Hey guys I am really struggling for 1 week to find out from what classical melody does the violin part from the next song is (0:10 to 0:20 from 



 ) I heard it in an underground rap song and i cannot figure out where is it from, can you help me?

Thanks!


----------



## PetrB (Feb 28, 2012)

Sometimes, people hear a violin, and as long as it is not bluegrass fiddling, they assume 'it must be classical.'

That doesn't sound 'classical' much at all to me, though I could be wrong. 

I think it is an original 'line' made up for the song, and it sounds very contemporary / pop / sentimental at that -- that does not rule out its being from some lighter genre of classical music, but I doubt it.


----------



## MythAdrian (Aug 26, 2014)

You are probably right, sorry for the confusion, i just didn't knew exactly where to ask about it.


----------



## PetrB (Feb 28, 2012)

MythAdrian said:


> You are probably right, sorry for the confusion, i just didn't knew exactly where to ask about it.


_This is exactly the right place for this sort of question_, so don't think to put your tail between your legs and walk away 

Do wait!
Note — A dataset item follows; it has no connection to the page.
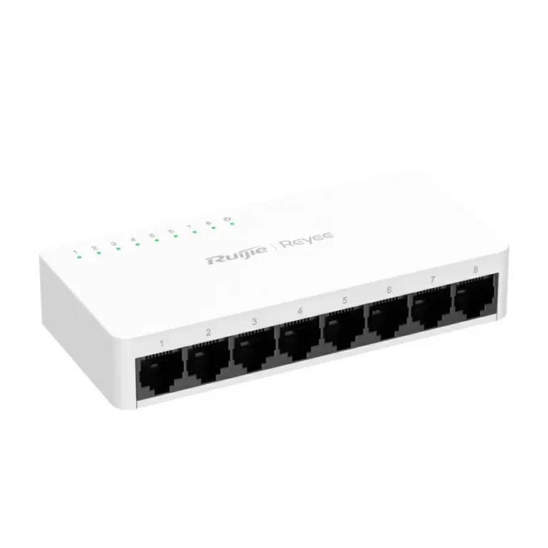 RG-ES08F 8-Port 10/100 Mbps Unmanaged Non-PoE Switch The Ruijie Reyee RG-ES0/ES100 series offers a range of unmanaged network switches designed for easy deployment and reliable performance in home and small office environments. These compact and energy-efficient switches come in various configurations to suit your specific needs. These switches are plug-and-play, requiring no configuration for basic operation. Just connect your devices and enjoy a wired network. The models with Fast Ethernet ports are suitable for basic networking needs with a limited number of devices. If you require high-speed data transfer for tasks like video streaming or file sharing, consider the models with Gigabit Ethernet ports. Product Features Increased Speed and Efficiency: Boost your network performance and scalability with the Reyee RG-ES08F, a reliable and user-friendly 5-port unmanaged switch. This compact switch is ideal for expanding your wired network in home offices or small businesses. Equipped with eight 10/100 Mbps Ethernet ports, the RG-ES08F provides stable and efficient data transfer for your wired devices. Easy to use, the RG-ES08F operates without complex management software, making it ideal for users who don’t require advanced switch features. Compact and reliable: Enjoy peace of mind with Reyee’s high-performance design and robust construction. The RG-ES08F delivers consistent and dependable network connections for all your wired devices. With a space-saving design, the RG-ES08F fits discreetly on your desk or shelf. The RG-ES08F is designed for low power consumption, reducing your energy footprint and saving on electricity costs. Backed by a 3-year warranty, the RG-ES08F ensures long-lasting performance and peace of mind. Upgrade your network with the Reyee RG-ES08F and experience the benefits of a fast, reliable, and easy-to-use wired connection.

I said I could be wrong. Collectively, people here know a _seriously impressive_ amount of repertoire, and of course, a violin-centric person just may have your answer, if there is one, or can positively tell you 'what it is.' If not, a further confirmation it is 'written for the song,' wouldn't hurt, either.

Best regards.


----------



## MythAdrian (Aug 26, 2014)

I spoke to the singer and he told me that they got it from another song but he can't remember which exactly. So i am pretty sure there is another song, though i am not sure about its type.

Thank you and best regards.


----------